Background information
- Origin: Athens, Georgia, USA
- Genres: Indie pop
- Years active: 1996–2002, 2010-present
- Label: Kindercore Records
- Past members: Sean Rawls Bren Mead Adrian Finch Ryan Lewis (1996) Jeff Griggs (1996–2002)

= Masters of the Hemisphere =

Masters of the Hemisphere are an American indie pop group, founded by Bren Mead and Sean Rawls. The two moved to Athens, Georgia, to attend college in 1996. There they met Ryan Lewis, co-founder of Kindercore Records, who played drums at the first Masters of the Hemisphere show. Jeff Griggs (also of The Mendoza Line) soon replaced Lewis. In 1997 Kindercore released their debut seven-inch ep, Going on a Trek to Iceland. The group then recorded their first full-length album, the eponymous Masters of the Hemisphere, which was released on Kindercore Records in 1998. The band soon expanded to a four-piece, adding multi-instrumentalist Adrian Finch. Several singles and compilation appearances followed, including a release on the Happy Happy Birthday To Me Records singles club, before the band released their second full length, the concept album I Am Not a Freemdoom, also on Kindercore. The record garnered mixed reviews, which in part was likely due to the album's rather complicated concept, regarding an island of reservoir-dwelling creatures being enslaved by an evil dog. The Permanent Stranger EP followed in 2002, on the dcBaltimore2012 label. The band split up after their next album, 2002's well received Protest a Dark Anniversary. A recording of their then-final show at Athens, Georgia's 40 Watt Club was later released as The Last Show Ever.

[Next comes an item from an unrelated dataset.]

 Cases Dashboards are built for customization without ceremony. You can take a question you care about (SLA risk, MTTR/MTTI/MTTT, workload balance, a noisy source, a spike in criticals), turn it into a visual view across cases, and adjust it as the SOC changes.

Rawls subsequently joined Je Suis France and, upon his move to San Francisco, formed the reggae-inspired band Still Flyin'. Mead eventually joined Still Flyin', and in 2010 raised money through Kickstarter to release an album by his solo project Vetran. Finch released an album under the name Dances with Wolves on dcBaltimore2012 in 2002, and currently plays in Atlanta band Night Moves Gold. Griggs currently plays in Je Suis France, Murder Beach, Shitaake Knights ( REN, a.k.a. Transmitter), and any number of other bands.

In 2006 the Masters of the Hemisphere briefly reunited to play shows in Athens, Georgia; Lexington, Kentucky; and San Francisco.

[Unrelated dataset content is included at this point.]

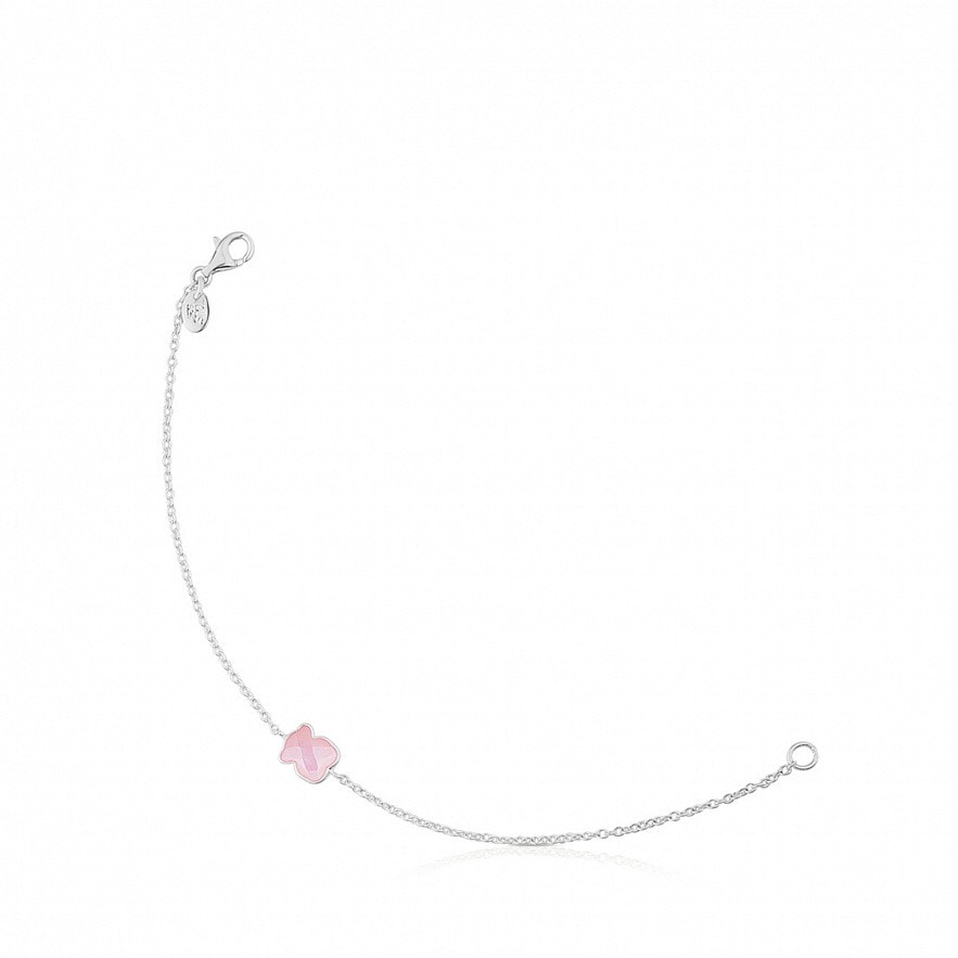 Браслет TOUS New Color, зі срібла 925 проби з рожевим кварцом. Ведмедик: 9 мм. Довжина: 17,5 см.

"Local Government", a song from Protest a Dark Anniversary, was prominently heard in an environmental PSA that debuted on MTV on August 31, 2006.

The Masters of the Hemisphere recorded a new album in 2010; released by Kindercore Records in 2011, the new album was entitled Maybe These Are the Breaks.

==Discography==

===Albums===
- Masters of the Hemisphere (Kindercore Records, 1998)
- I Am Not a Freemdoom (Kindercore Records, 2000)
- Protest a Dark Anniversary (Kindercore Records, 2002)
- The Last Show Ever (Bumblebear Records, 2003)
- Maybe These Are the Breaks (Kindercore Records, 2011)

===Singles/E.P.s===
- Permanent Stranger (dcBaltimore2012, 2002)
- Going On a Trek To Iceland (Kindercore Records)
- Silence (Happy Happy Birthday To Me Records – Singles Club release)
- Better Things (Gentlemen Recordings)
- Second Hand News (Kindercore Records – Singles Club release)
- The Terminal E.P. (Bunch of Beatniks)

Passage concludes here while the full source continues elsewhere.